Source: tox
Version: 4.4.6-2
Severity: wishlist
Tags: patch
User: reproducible-bui...@lists.alioth.debian.org
Usertags: timestamps, randomness
X-Debbugs-Cc: reproducible-b...@lists.alioth.debian.org
Hi,
Whilst working on the Reproducible Builds effort [0], we noticed that
tox could not be built reproducibly.
This is because:
a) The documentation embeded the current build date via the copyright
year and a "last updated" timestamp.
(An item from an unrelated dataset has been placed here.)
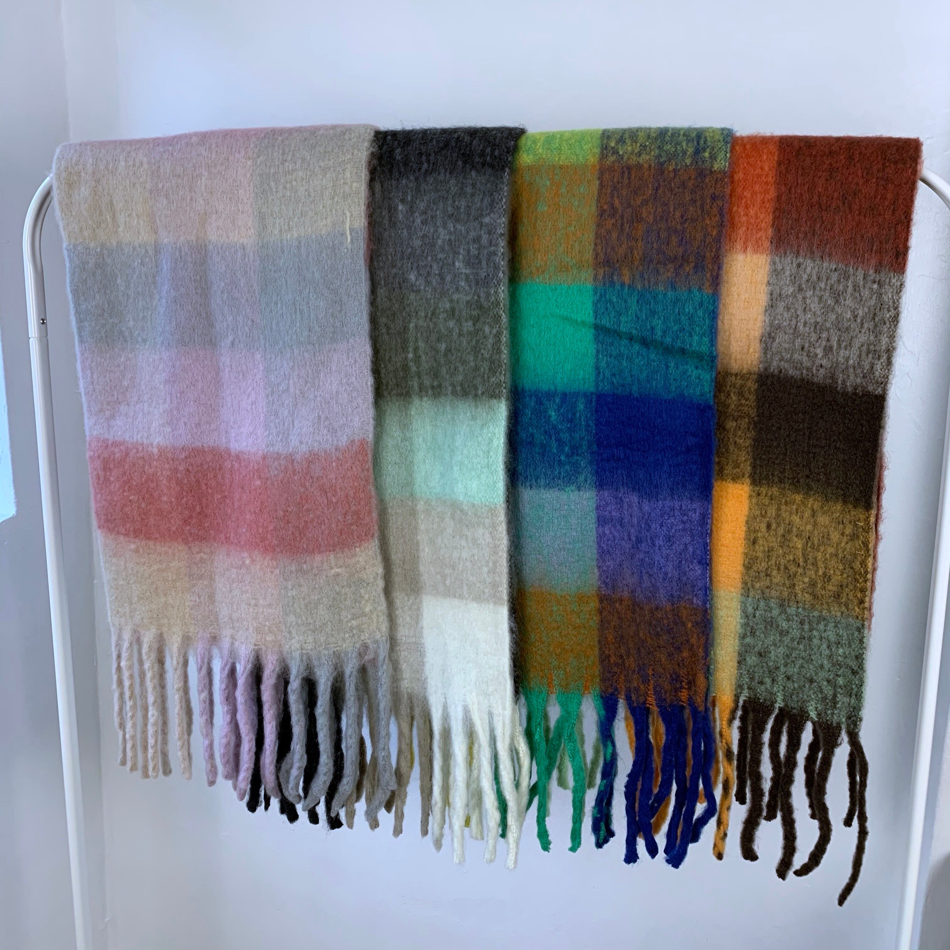 ブロックチェックの配色が可愛い韓国デザインのマフラー♡

The attached patch changes this
to use SOURCE_DATE_EPOCH if available.
b) The default value for the --hashset argument (a random integer) was
encoded into the documentation. As this value was nondeterminstic, a
fresh value is inserted into the documentation on each build. This in
turn makes the package unreproducible. The attached patch changes this
to use the Pythonic "default=None … if default is None" pattern (NB.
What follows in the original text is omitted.